Erläuterungen zur Kapitalflussrechnung

Die Kapitalflussrechnung zeigt, wie sich die Zahlungsmittel und Zahlungsmitteläquivalente des Bayer-Konzerns im Laufe des Berichtsjahres durch Mittelzu- und -abflüsse veränderten. In Übereinstimmung mit IAS 7 (Statement of Cash Flows) wird zwischen Zahlungsströmen aus operativer und investiver Tätigkeit sowie aus Finanzierungstätigkeit unterschieden. Auswirkungen der Veränderung des Konsolidierungskreises werden gesondert ausgewiesen.
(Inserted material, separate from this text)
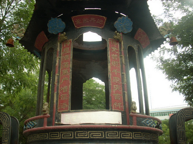 玉皇阁正门在南面,沿着正门向里面走,首先映入我的眼帘是一个用青铜铸成的香炉,香炉上面供着各种供品,香炉周身镌刻着精美的大字和图案。在香炉前面还摆着一个功德箱。箱子呈正方体,每到香客进香时,可以进行跪拜,很多跪拜的人都把自己钱放到功德箱内,表达自己的一个美好的愿望。在香炉西边我们可以看到一个高大的观音金像,观音金像慈目清秀,左手拿净水瓶,右手持一根清柳枝,通身金亮,在阳光照耀下,显得更加神色。

Von den Zahlungsmitteln und Zahlungsmitteläquivalenten waren 17 Mio € (Vorjahr: 72 Mio €) aufgrund von Währungsrestriktionen verfügungsbeschränkt. Diese waren auf Basis bisheriger Erfahrungen kurzfristig. Hiervon entfielen auf verfügungsbeschränkte Zahlungsmittel in Venezuela 3 Mio € (Vorjahr 64 Mio €). Ein Umtausch von Zahlungsmitteln in der Währung des venezolanischen Bolivar (VEF) in den USD unterliegt einem staatlichen Genehmigungsprozess.

Die von den ausländischen Konzerngesellschaften berichteten Zahlungsströme werden zu Monatsdurchschnittskursen umgerechnet. Hiervon abweichend werden die Zahlungsmittel und Zahlungsmitteläquivalente zum Stichtagskurs angesetzt. Der Einfluss von Wechselkursänderungen auf die Zahlungsmittel und Zahlungsmitteläquivalente wird als „Veränderung aus Wechselkursänderungen“ ausgewiesen.